RBA Governor Philip Lowe said inflation had to be brought under control.

Westpac, one of the big four banks, was the first to follow the RBA by passing on the 50 basis point increase in full, lifting its variable home loan for new and existing customers on June 21.

“The majority of our customers are ahead on mortgage repayments and have a buffer available to help them manage an interest rate increase,” Westpac Consumer and Business Banking head Chris de Bruin said.

But Ai Group chief executive Innes Willox fears the worst.

“We are now at risk of a wages and inflation and interest rates death spiral,” he said on Wednesday, noting the upcoming minimum wage decision by the Fair Work Commission.

“We are unfortunately in a period where we are going to see increasing interest rates if we continue to see calls for wage increases that are not sustainable.”

However, Australian Chamber of Commerce and Industry chief executive Andrew McKellar said the RBA’s decision was understandable given the inflationary pressures in the economy.

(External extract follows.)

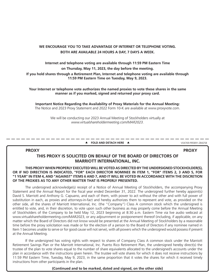 The 2023 annual meeting of stockholders (“Annual Meeting” or “2023 Annual Meeting”) of Marriott International, Inc. (“we,” “us,” “our,” “Marriott,” or the “Company”) will be a virtual meeting held on May 12, 2023, beginning at 8:30 a.m. Eastern Time. Stockholders of record as of the record date may join a live audio webcast at www.virtualshareholdermeeting.com/MAR2023. At the Annual Meeting, stockholders will act on the following items:

“Inflation is hitting businesses especially hard, particularly surging energy prices,” he said.

Finance Minister Katy Gallagher said the government’s October budget would have a “cost of living lens” to help households manage rising interest rates and inflationary pressures.

“We understand that households … are under enormous pressure,” she said.

“It’s a real set of challenging circumstances facing the economy.”

Shadow treasurer Angus Taylor warned unnecessary government spending would only fuel higher inflation and higher interest rates.

But one of his own coalition Senate backbenchers Matt Canavan said there was no doubt mistakes were made by the previous government in the past year.

“There’s been mistakes made by the government not restraining spending enough,” he said.

Dr Lowe warned inflation was likely to be higher than the central bank had expected just a month ago, and the size and timing of further rate increases would be driven by incoming economic data.

Inflation spiked to 5.1 per cent in the March quarter.

The RBA expects inflation to hit six per cent by the end of the year, which would be well above its two to three per cent inflation target band.

“It’s headed comfortably above six per cent,” Deloitte Access Economics economist Chris Richardson said.

“Partly given what is happening around gas … but also petrol prices, which have risen again.”